982 Коялович, 583 № 229.
983 Коялович, 684 № 230.
984 Ф. И. Успенский, Наказ царя Ив. В. Грозного кн. Елецкому 17 и письмо Поссевина к Баторию, Starczewski, II, 77.
985 Письмо Поссевина к Замойскому от 21-го января у Кояловича (619) содержит выражение «cum lacrimis» (речь идет о благодарственном молебствии в лагере Замойского), в других изданиях этого выражения нет (см. Starczewski, II, 77, Relacje mmcj. apost., I, 437).
986 Письма Замойского к Баторию и плоцкому епископу, Коялович, 613, 617. То же рассказывает и Гейденштейн (257–258), забывая только отметить фамилию московского гонца, явившегося во Псков.
987 Коялович, 609–611.
988 Коялович, 615.
989 Мир состоялся на условиях, указанных в списке с договорной записи, данном кн. Елецкому с товарищами на образец, см. Ф. И. Успенский, Переговоры о мире 1–6.
990 У Гейденштейна (260) — три дня, в письме Замойского к королю (Коялович 694) — два.
991 Письмо Замойского к Баторию (Коялович, 694). Сообщение Гейденштейна (260) об этих фактах неточно. По словам историка, на требование Псковитян удалиться в трехдневный срок Замойский ответил, что, по его мнению, они говорят, по заключении мира, не то, что думают, так как он знает, что мир им не неприятен и конечно приятнее им, чем тому классу людей, который живет жалованьем; он уведет войско, когда это будет удобно (Starczeivski, II, 171). Это место передано в русском переводе (260) ошибочно.
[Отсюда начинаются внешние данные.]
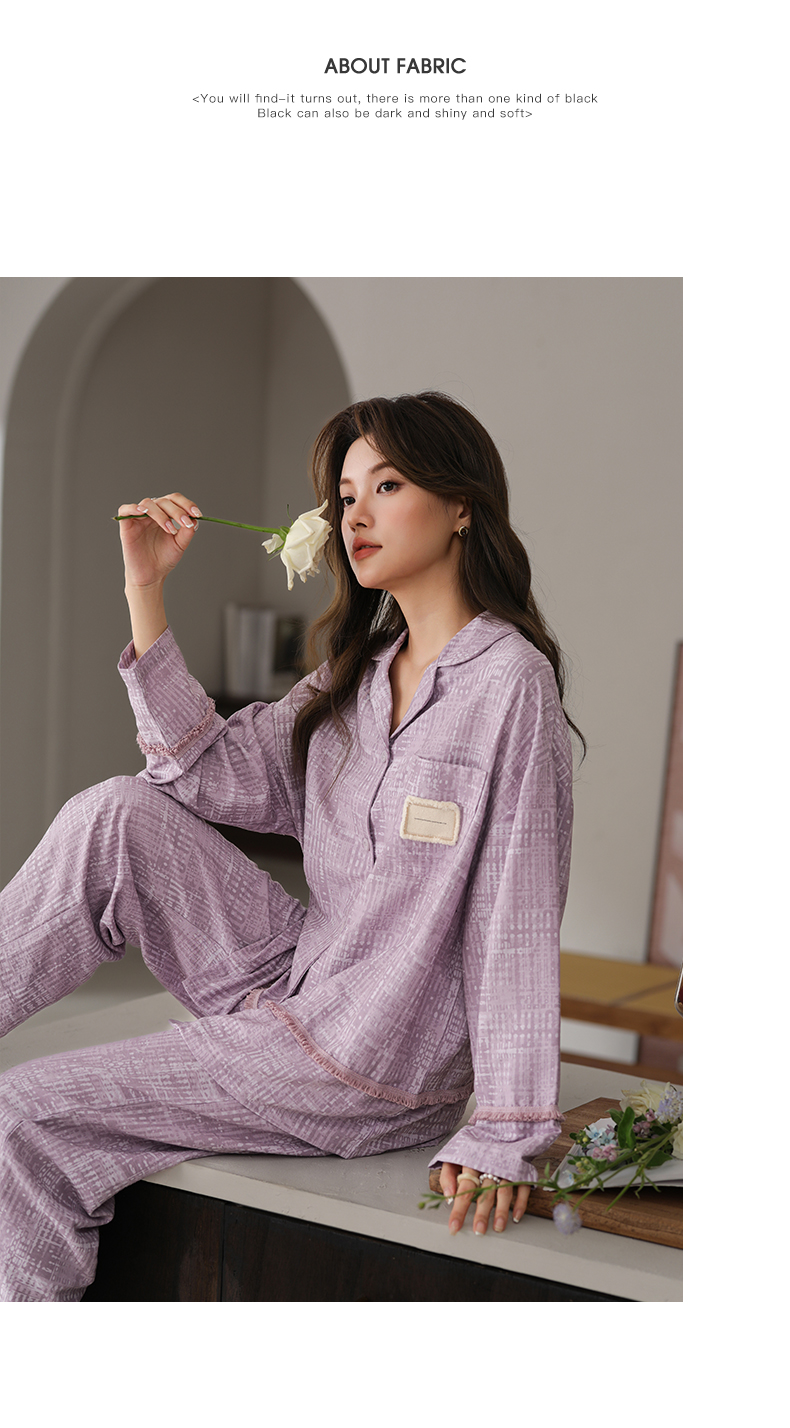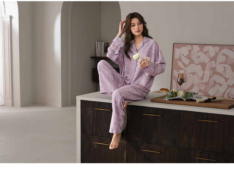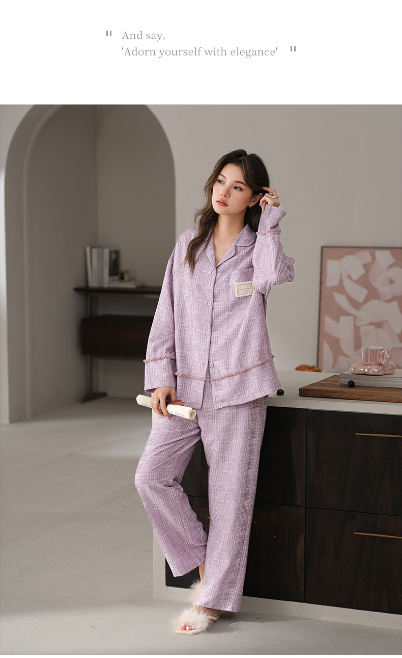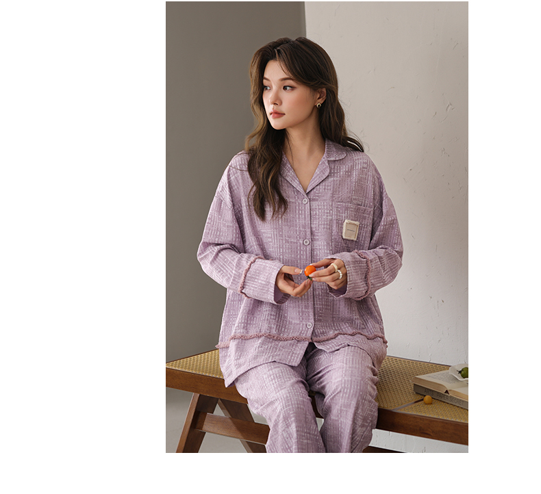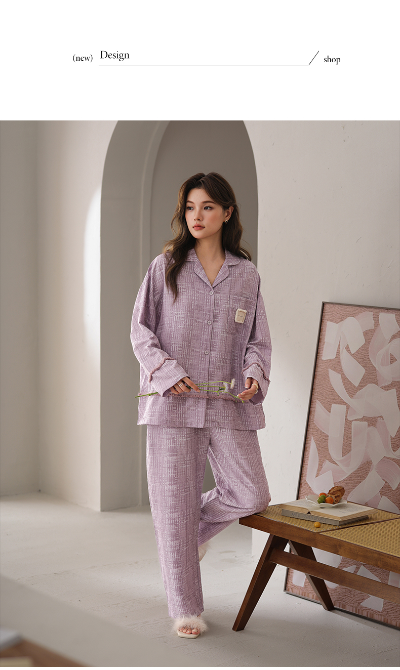 可人儿春秋季带bra泡泡绵女士长袖长裤睡衣可外出小众家居服套装

992 Гейденштейн (260) говорит, что сам Замойский приказал передать Русским Остров с той целью, чтобы узнать их намерения и вместе с тем выказать им свое доверие. Сообщение это находится в противоречии со словами самого Замойского (Коялович, 694).
993 Piotroivski, 209; Гейденштейн, 261.
994 Piotrowski, 210; Коялович, 700.
Гейденштейн (262) говорит, что Замойский проник в Новгород Ливонский при помощи хитрости. Он приблизился к крепости с отрядом человек в 60; привратник спросил, кто идет; ему ответили: сотник; тогда он впустил отряд в город. Явившийся сюда воевода Петр Волынский, узнав брацлавского воеводу, с которым он познакомился, присутствуя при переговорах в Запольском яме, стал упрекать коменданта крепости в оплошности, в том, что он вместо сотника впустил воеводу, причем Волынский и не подозревал, что в городе находится уже сам Замойский. Узнав об этом от брацлавского воеводы, он пришел в сильное смущение и на требование Замойского сдать крепость стал отговариваться недостатком подвод. Из этого длинного рассказа Гейденштейна нельзя понять, зачем Замойский прибегал к подобной хитрости. Ведь одно появление армии гетмана под городом подействовало бы несомненно внушительно на воеводу крепости, и в уловках не было надобности. Если дело происходило так, как рассказывает Гейденштейн, то надо предположить, что желание явиться в город невзначай было простым капризом со стороны Замойского.